<!--
This source file is part of the Stanford Spezi open-source project.
SPDX-FileCopyrightText: 2026 Stanford University and the project authors (see CONTRIBUTORS.md)
SPDX-License-Identifier: MIT
-->
Compliance Planner
Plan privacy, research, regulatory, and governance requirements for a digital health product in a framework-agnostic way.
When to Use
Use this skill when you need to:
- assess whether a product handles regulated health or research data
- prepare for HIPAA, IRB, FDA, GDPR, or institutional review conversations
- define consent, retention, export, deletion, and audit expectations
- identify compliance work that should shape product scope early
Working Style
Do not jump straight to controls.

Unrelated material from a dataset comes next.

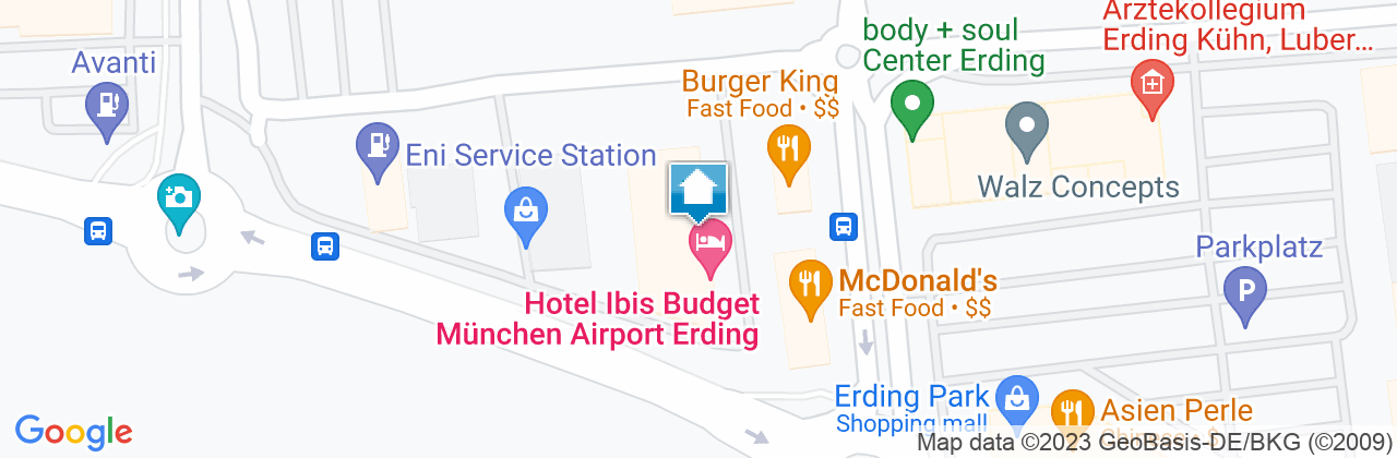 Das "ibis Budget Munchen Airport Erding" erfreut sich an der verkehrsgünstigen und nahen Lage zum Flughafen München.Sie wohnen im Nordosten der Stadt und haben eine gute Anbindung zur A92 und A94. Der Stadtpark ist fußläufig schnell zu erreichen. Die Therme Erding erreichen Sie nach 2,5 km und in das Stadtzentrum von München sind es 43 km.

First understand:
- product purpose
- who the users are
- whether the product is clinical care, research, wellness, operations, or education
- what data is collected, derived, shared, or exported
- which regions, institutions, and partners are involved
Then produce a concise compliance planning brief with assumptions, risks, open questions, and recommended next steps.
Core Questions
Ask about:
- intended use and claims
- user groups such as patients, participants, clinicians, coordinators, or caregivers
- data types collected, inferred, uploaded, or connected from external systems
- whether the product supports research, quality improvement, or direct care
- data storage, processing, and sharing locations
- third-party vendors and subprocessors
- admin access, audit needs, and incident response expectations
- export, deletion, correction, and retention requirements
Compliance Areas To Review
HIPAA and Institutional Privacy
Check whether the product likely handles protected health information or institution-controlled data.
Review:
- what identifiers are present
- who is a covered entity or business associate
- minimum necessary access expectations
- workforce, admin, and support access boundaries
- logging, monitoring, and breach response needs
Research and IRB
If the product supports a study, review:
- study purpose and protocol maturity
- recruitment and consent approach
- risk level and participant burden
- withdrawal process
- de-identification or anonymization approach
- data sharing and secondary use plans
FDA and Product Claims
Evaluate whether the product may be treated as software with medical-device implications.
Ask:
- does it diagnose, recommend treatment, monitor for intervention, or drive clinical action
- are outputs informational, advisory, or action-triggering
- what happens if the product is wrong, unavailable, or delayed
GDPR and Cross-Border Privacy
If EU or UK users may be involved, review:
- lawful basis
- consent and withdrawal mechanics
- subject rights handling
- transfer mechanisms
- retention, deletion, and processing-record expectations
Planning Outputs
Produce a brief with these sections and save it as
docs/planning/compliance-brief.md
in the project repository:
1. Scope Summary
- product purpose
- user groups
- jurisdictions and institutions
- data categories in scope
2. Likely Compliance Domains
- HIPAA or institutional privacy
- IRB or human subjects review
- FDA or software-as-medical-device review
- GDPR or other regional privacy obligations
- security review by enterprise or academic partners
3. Key Risks
Call out the highest-risk issues, such as:
- unclear product claims
- unnecessary data collection
- missing consent boundaries
- unclear vendor or data-sharing relationships
- lack of export, deletion, or audit processes
4. Required Decisions
List decisions the team must make soon, for example:
- exact data categories to collect
- whether identifiable data is actually required
- whether the product is research, care delivery, or wellness
- retention timelines
- who can access what data and why
5. Recommended Controls
Express these as implementation-neutral capabilities, not code:
- access control and least privilege
- encryption in transit and at rest
- audit logging
- consent capture and versioning
- export and deletion workflows
- vendor review and data processing agreements
- documented retention and incident response procedures
Important Guardrails
- Do not present legal conclusions as certainties.
- Distinguish clearly between product guidance and legal advice.
- Prefer “you likely need to evaluate” over “you must” unless the requirement is explicit and well established.
- Flag when local counsel, compliance officers, IRB staff, or institutional privacy teams should review the plan.